* [PROBLEM TO SOLVE]
All of the data below should be printed again word for word, pictures excluded.

* [SUPPLIED INFORMATION]
▬▬▬▬▬▬▬▬▬▬

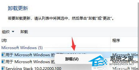 4、在相关设置下方选择“卸载更新”,右键选中KB500430更新,将它“卸载”就可以了。
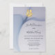 This unique modern Chinese American wedding invitation features a dusty blue abstract art painting, an artistic gold double happiness symbol and bride and groom names in an elegant handwritten script.
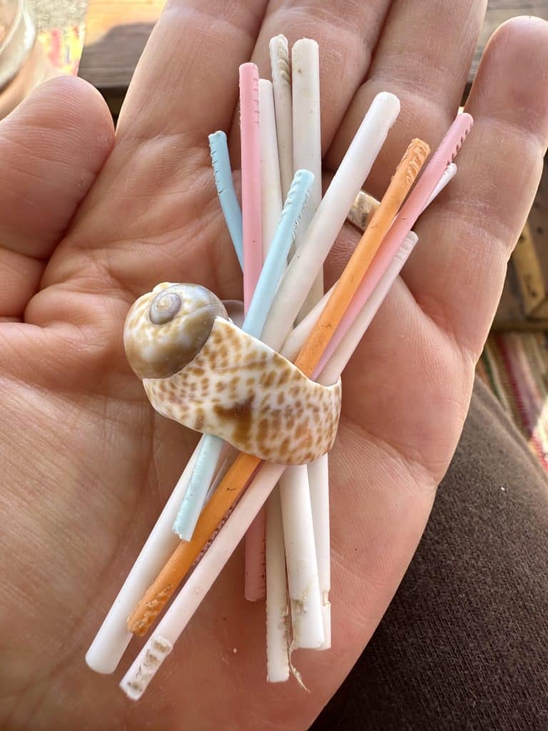 Palitos de plástico de piruletas recogidos en la playa, sostenidos por una mano junto a una caracola.

▬▬▬▬▬▬▬▬▬▬

* [ANSWER SECTION]
 4、在相关设置下方选择“卸载更新”,右键选中KB500430更新,将它“卸载”就可以了。
 This unique modern Chinese American wedding invitation features a dusty blue abstract art painting, an artistic gold double happiness symbol and bride and groom names in an elegant handwritten script.
 Palitos de plástico de piruletas recogidos en la playa, sostenidos por una mano junto a una caracola.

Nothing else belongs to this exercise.